* [MATERIAL FOR THE TASK]
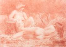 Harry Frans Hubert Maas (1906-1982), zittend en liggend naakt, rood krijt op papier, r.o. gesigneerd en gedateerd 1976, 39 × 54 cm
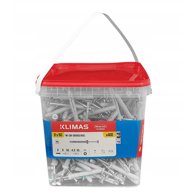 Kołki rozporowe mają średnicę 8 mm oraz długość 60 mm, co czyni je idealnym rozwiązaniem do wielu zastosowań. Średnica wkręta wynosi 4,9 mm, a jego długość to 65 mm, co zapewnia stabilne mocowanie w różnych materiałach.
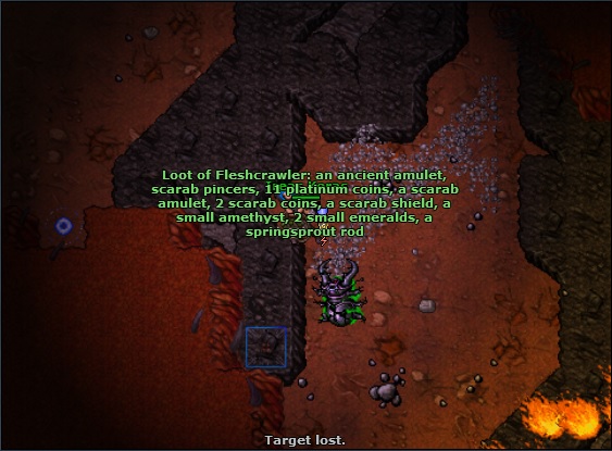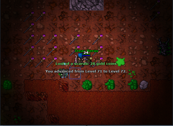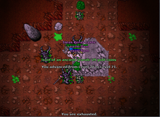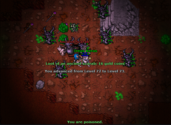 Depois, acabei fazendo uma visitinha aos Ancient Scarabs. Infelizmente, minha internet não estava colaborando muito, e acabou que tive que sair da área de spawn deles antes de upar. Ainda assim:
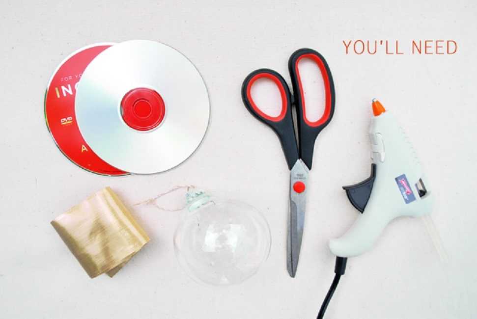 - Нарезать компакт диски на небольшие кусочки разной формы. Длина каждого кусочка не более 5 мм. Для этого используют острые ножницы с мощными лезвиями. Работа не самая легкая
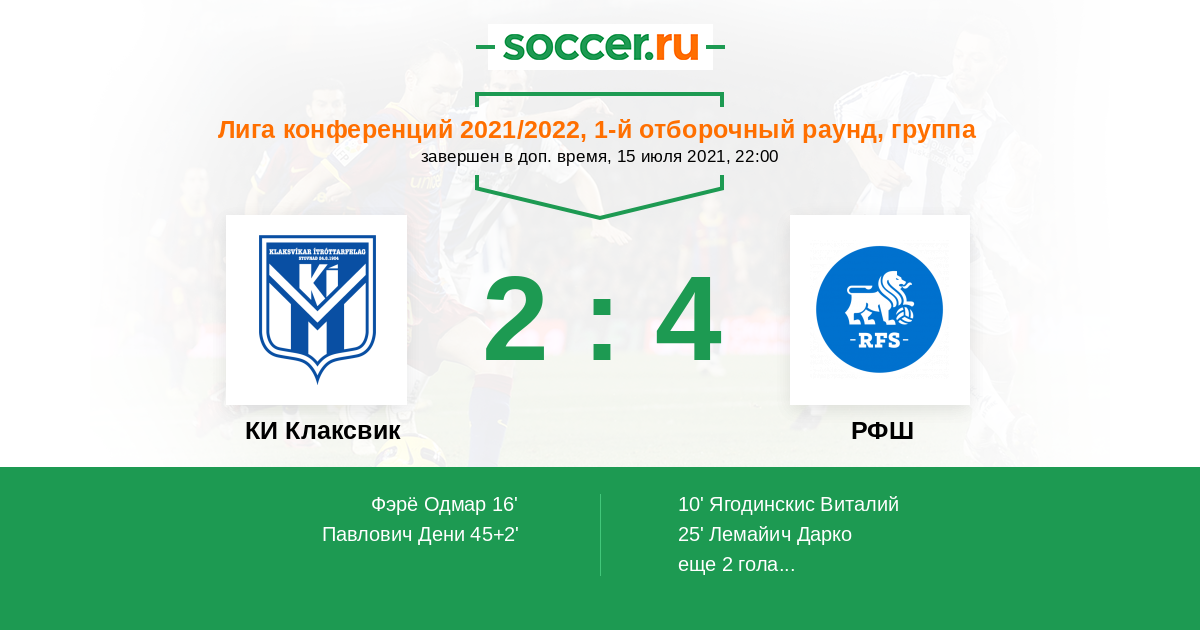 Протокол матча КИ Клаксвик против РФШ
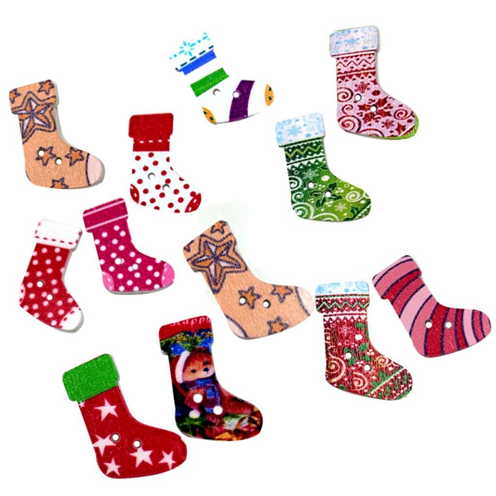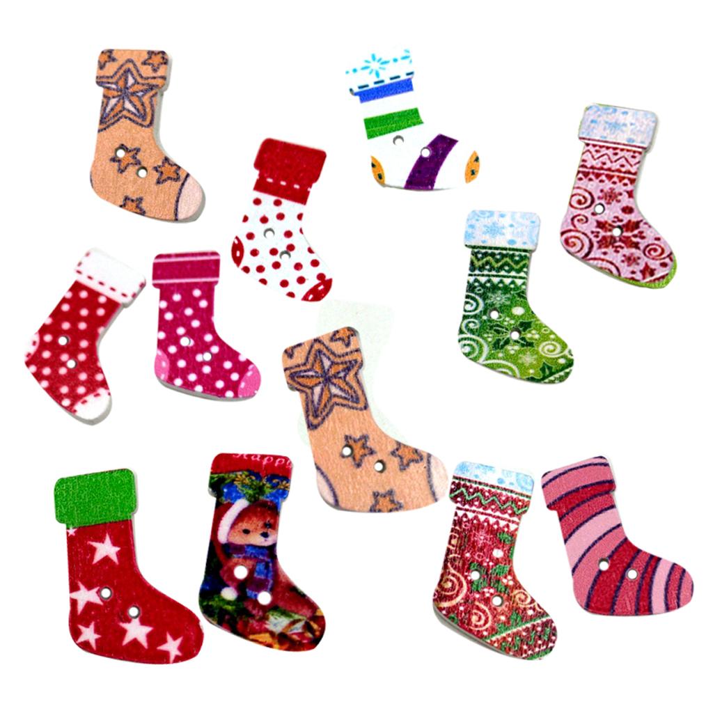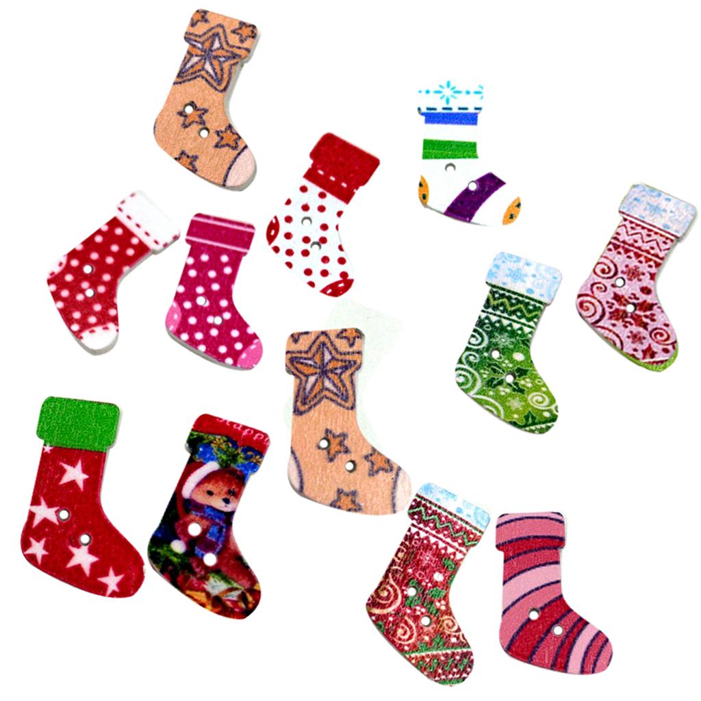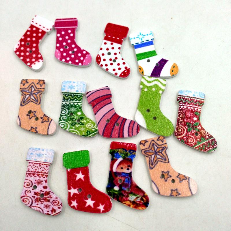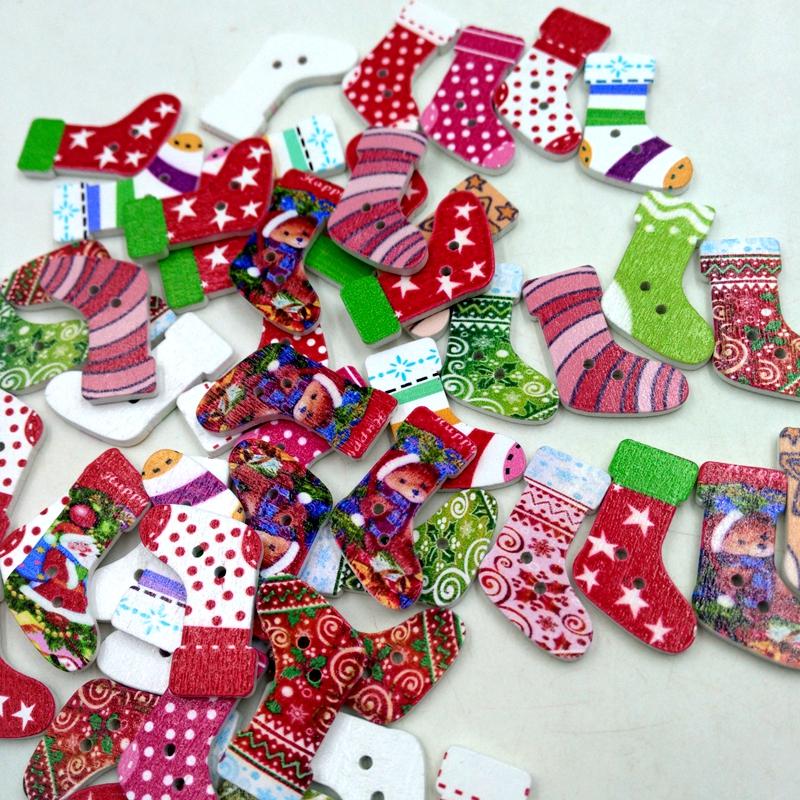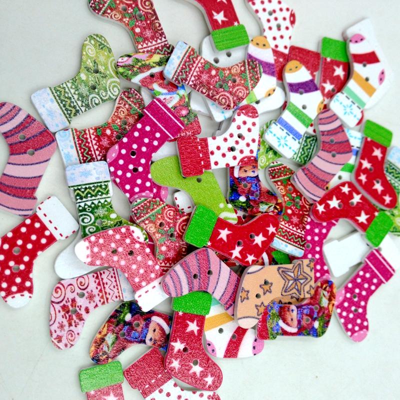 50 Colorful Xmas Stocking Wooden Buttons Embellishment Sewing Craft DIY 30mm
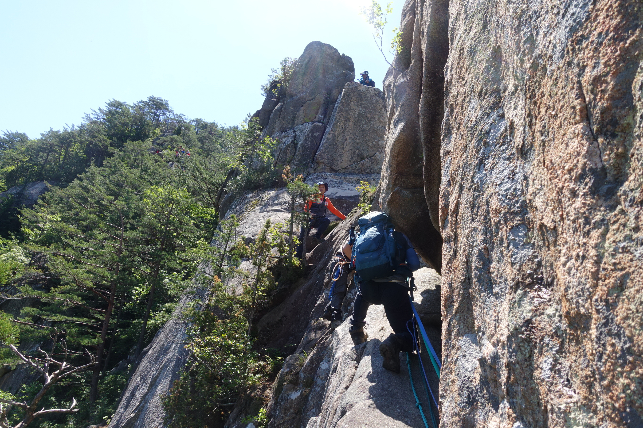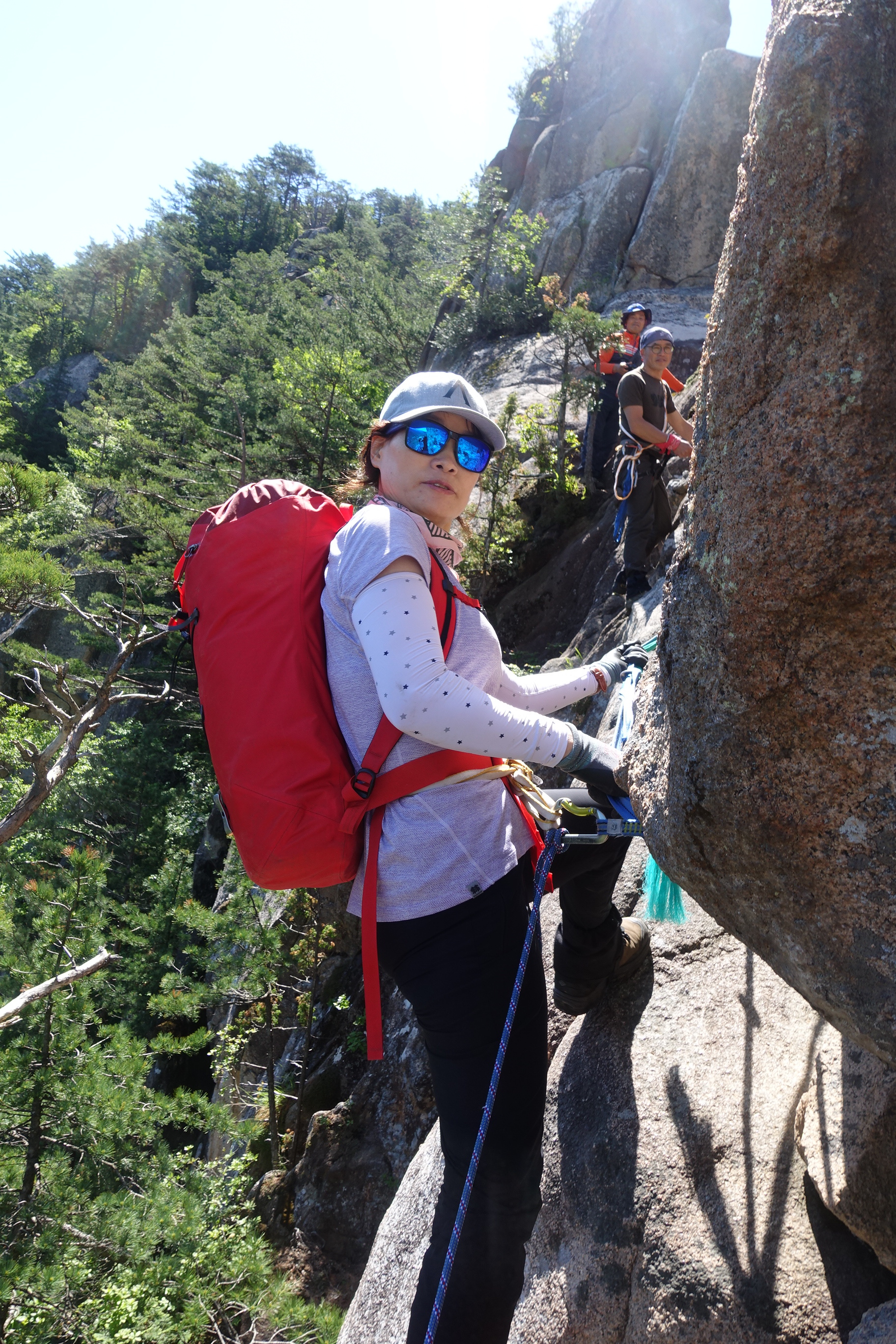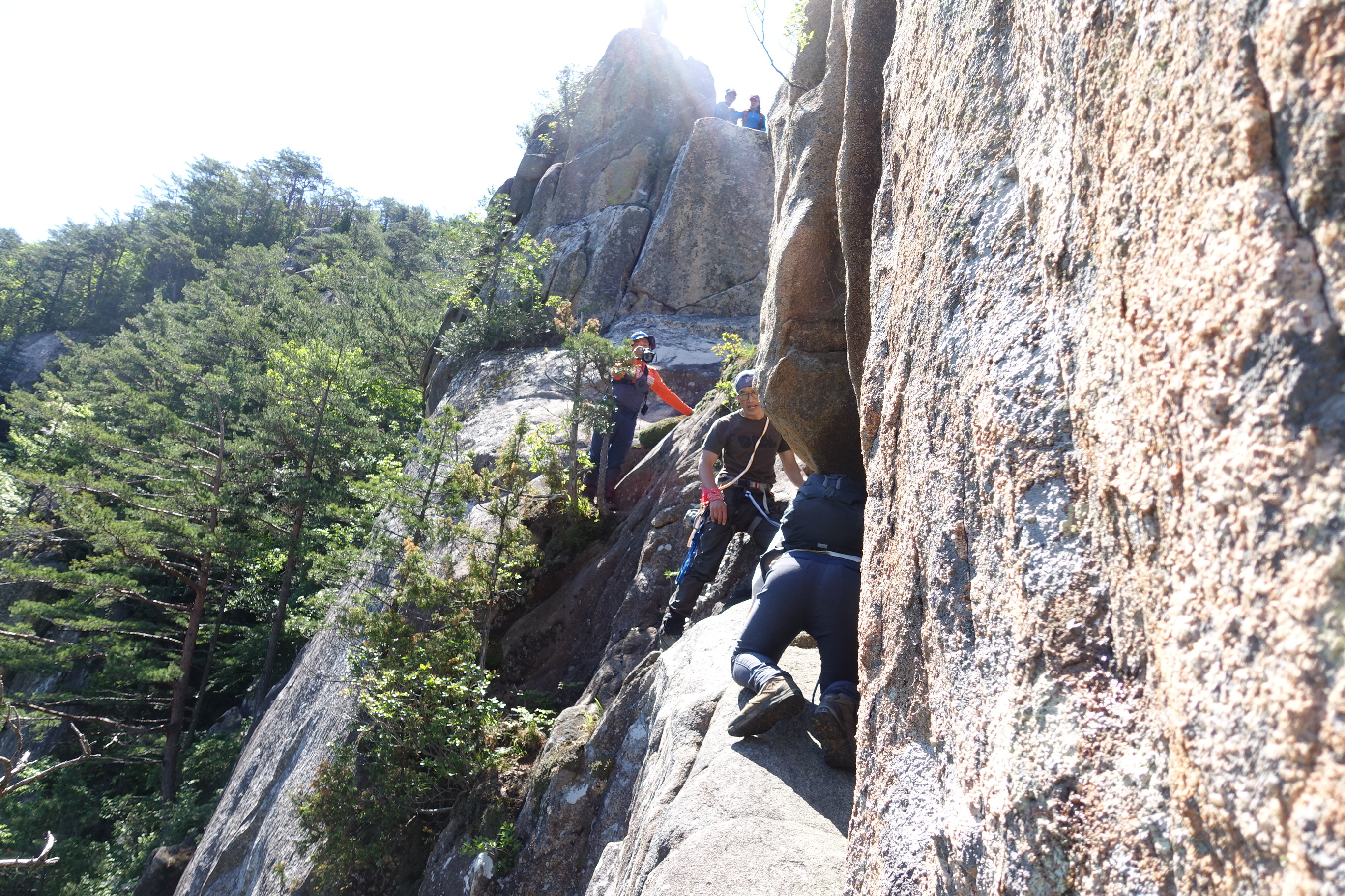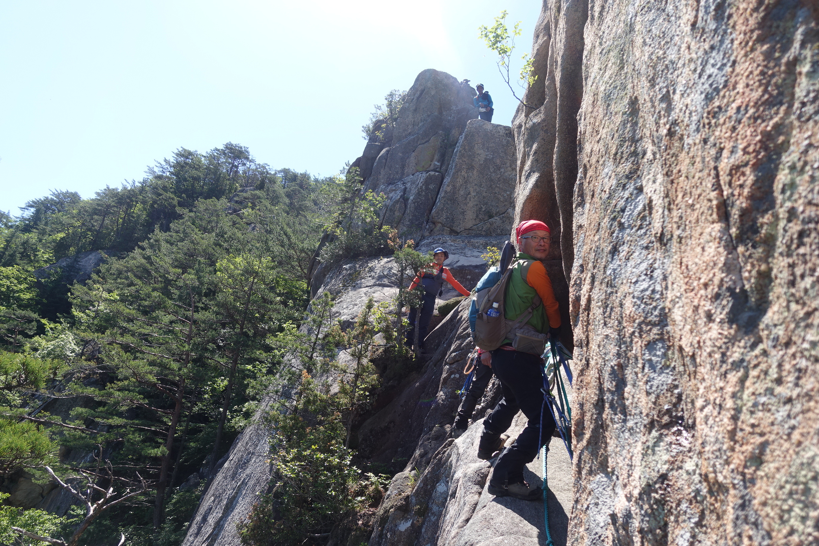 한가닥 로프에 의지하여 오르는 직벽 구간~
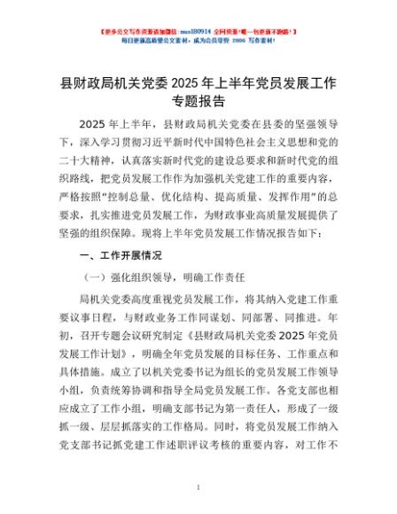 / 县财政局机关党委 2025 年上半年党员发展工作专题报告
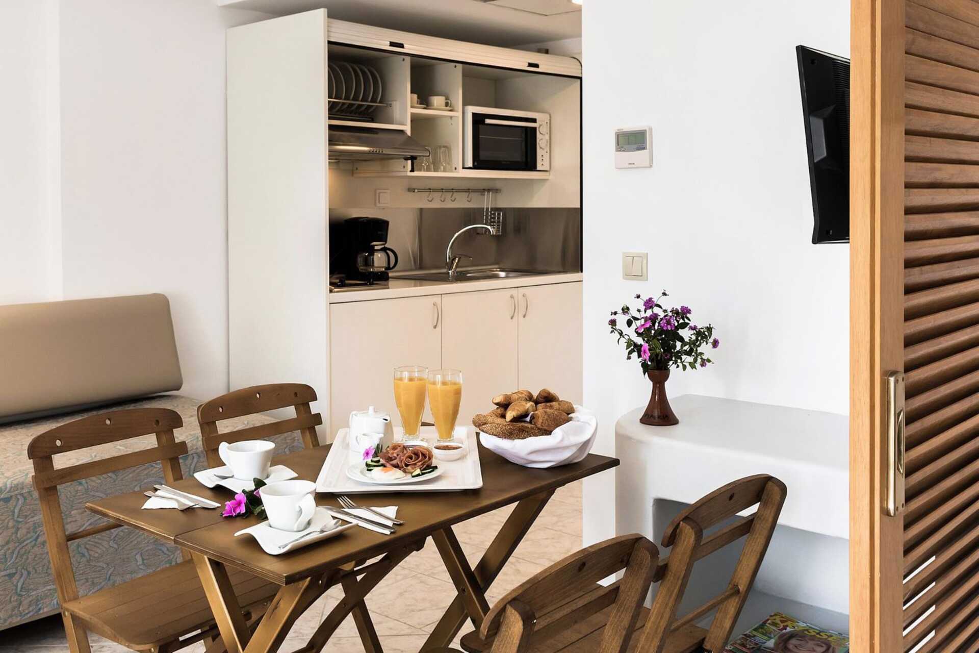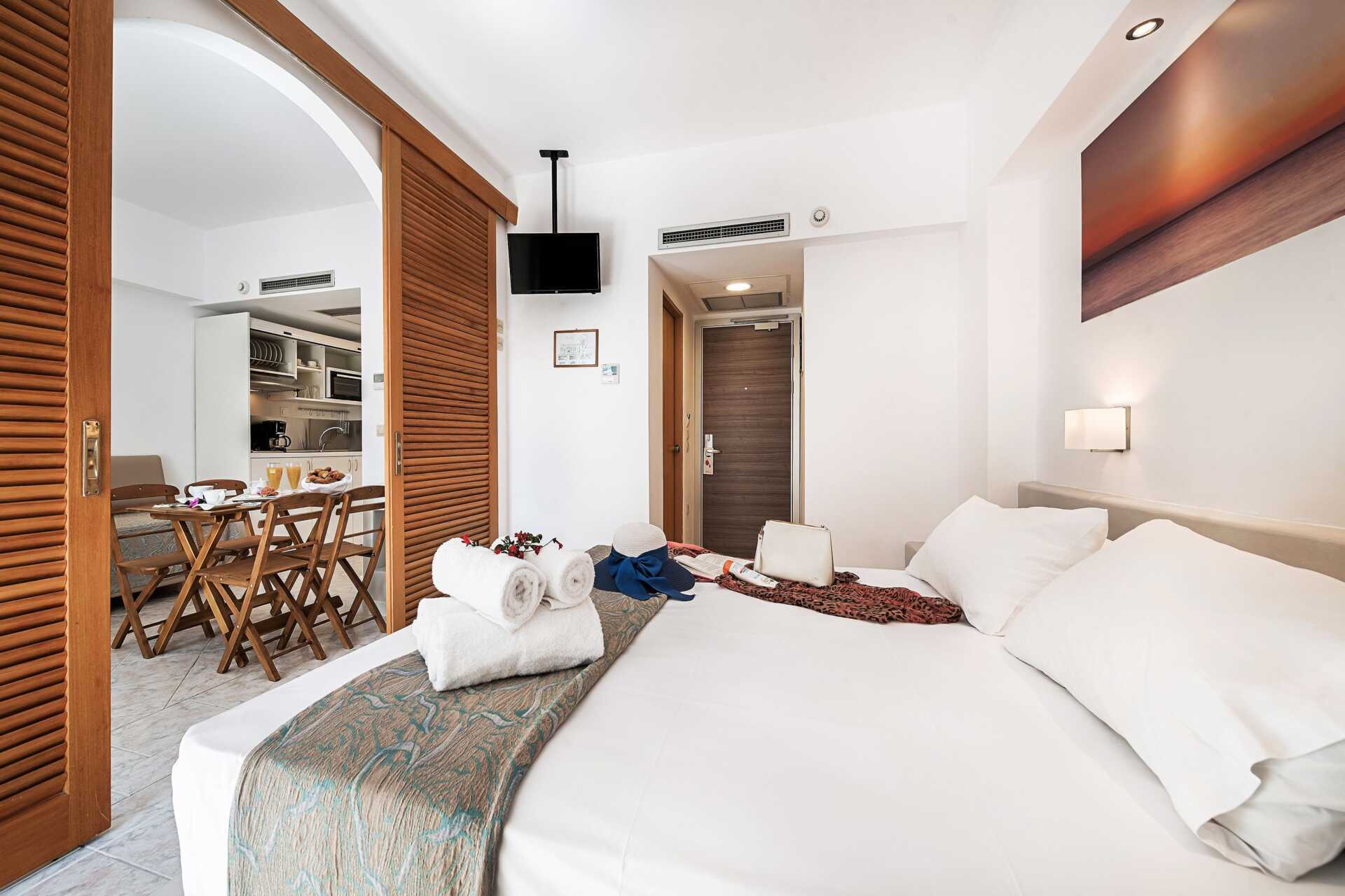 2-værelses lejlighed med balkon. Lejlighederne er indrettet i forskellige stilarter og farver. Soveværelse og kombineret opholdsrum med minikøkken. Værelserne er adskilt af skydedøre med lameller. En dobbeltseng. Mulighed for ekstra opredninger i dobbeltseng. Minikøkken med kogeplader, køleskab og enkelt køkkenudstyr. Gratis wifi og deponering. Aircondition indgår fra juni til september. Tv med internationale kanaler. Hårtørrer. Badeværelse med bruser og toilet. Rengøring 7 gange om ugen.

* [TRY IT]
Without the images, print all of the lines above exactly.

* [ANSWER]
 Harry Frans Hubert Maas (1906-1982), zittend en liggend naakt, rood krijt op papier, r.o. gesigneerd en gedateerd 1976, 39 × 54 cm
 Kołki rozporowe mają średnicę 8 mm oraz długość 60 mm, co czyni je idealnym rozwiązaniem do wielu zastosowań. Średnica wkręta wynosi 4,9 mm, a jego długość to 65 mm, co zapewnia stabilne mocowanie w różnych materiałach.
 Depois, acabei fazendo uma visitinha aos Ancient Scarabs. Infelizmente, minha internet não estava colaborando muito, e acabou que tive que sair da área de spawn deles antes de upar. Ainda assim:
 - Нарезать компакт диски на небольшие кусочки разной формы. Длина каждого кусочка не более 5 мм. Для этого используют острые ножницы с мощными лезвиями. Работа не самая легкая
 Протокол матча КИ Клаксвик против РФШ
 50 Colorful Xmas Stocking Wooden Buttons Embellishment Sewing Craft DIY 30mm
 한가닥 로프에 의지하여 오르는 직벽 구간~
 / 县财政局机关党委 2025 年上半年党员发展工作专题报告
 2-værelses lejlighed med balkon. Lejlighederne er indrettet i forskellige stilarter og farver. Soveværelse og kombineret opholdsrum med minikøkken. Værelserne er adskilt af skydedøre med lameller. En dobbeltseng. Mulighed for ekstra opredninger i dobbeltseng. Minikøkken med kogeplader, køleskab og enkelt køkkenudstyr. Gratis wifi og deponering. Aircondition indgår fra juni til september. Tv med internationale kanaler. Hårtørrer. Badeværelse med bruser og toilet. Rengøring 7 gange om ugen.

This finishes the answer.